A PSN-only title, I didn’t know what to expect of Journey. What I got was one of the most amazing experiences I have had in a videogame. Journey should be played by everyone. Make sure you have an internet connection and 2 hours to play it in its entirety. Your nameless wanderer and its environment are presented in gorgeous style, with the simple controls and revolutonary multiplayer (you are randomly connected with an anonymous stranger, and you may only communicate through chirps) progressing you through a surprisingly moving story and an amazing landscape of lost civilisations, cloth monsters and sun-lit sand. Journey is a real example of just how effective games can be when treated as an experience, rather than an amusement.
4. Sleeping Dogs
A game I only recently played, Sleeping Dogs is a spiritual successor to the True Crime series, which I played to death as a young teen.

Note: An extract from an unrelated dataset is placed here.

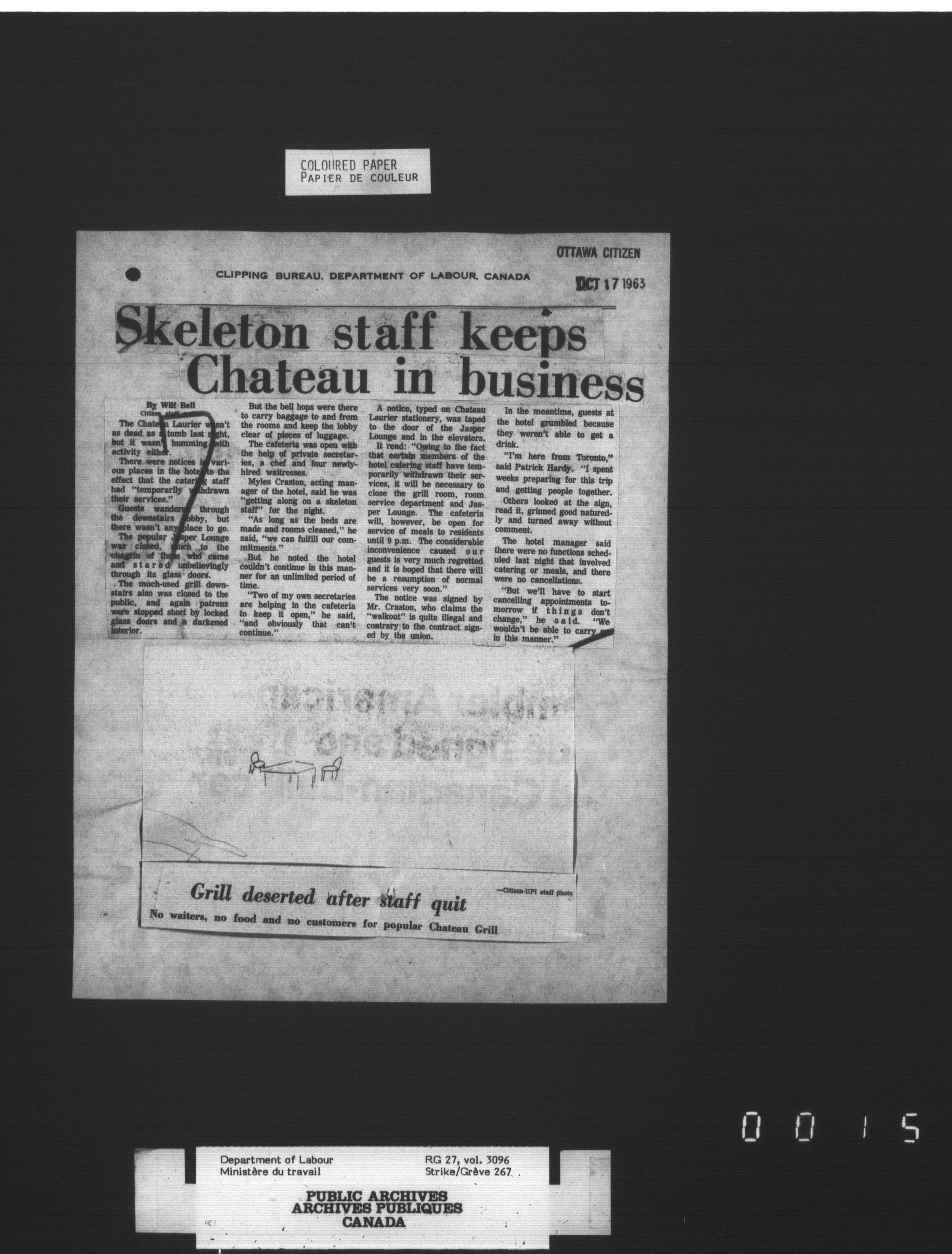 Department of Labour, Economics and Research Branch : Strikes and lockout files : T-3409

Sleeping Dogs takes a standard open-world crime game, adds the fluid combat of Batman: Arkham City, the fun nonsense and freedom of Saints Row The Third and tops it with a story that is actually enjoyable to play (having hated Grand Theft Auto IV for repetitive escort missions, the high-speed gun fights and parkour chases of SD are a welcome reprieve). Sleeping Dogs is a game full of delivery, and if you can play it, you should.
3. Hotline Miami
A game that came out of nowhere for me, Hotline Miami is a videogame prayer to one of my favourite movies of 2011, Drive. With a soundtrack that recalls 80’s electro and trance, graphics that give a stylistic nostalgia of the 8-bit games of the period and a story that questions the brutal violence of the gameplay, HM is one of the few games this year that I literally couldn’t stop playing. By the end of each play session, you will be sweating, buzzing and shaking. And you’ll want more.
2. XCOM: Enemy Unknown
XCOM is hard. Like, really hard. To the point where I stopped playing for two months because I didn’t want to risk losing any of my highly-trained squad after the disaster that befell my 20-mission veteran Heavy. But the depth of the research, the feeling that comes just before each risky maneuver, and after each successful hit makes a game that is just so much fun to play that you’ll always want to come back eventually. Until you try it on Ironman difficulty.
1. The Walking Dead
I love The Walking Dead. The graphic novel is one of my favourite series, and up until the second season, the TV show was very high in my favour too. Where the TV show abandoned emotion and action for people sitting around on farms shouting at each other and/or sobbing, the point-and-click game of Telltale Studios takes the torch. Never before have I felt such emotion at a videogame. The multiple outcomes of your decisions, which can result in deaths and suffering, immerse you into the game like no other game has really done before. Throughout all five episodes, the emotional states are high, but are never offset by a lack of action or a toning-down of the brutality of a post-zombie outbreak world. You should really play this game.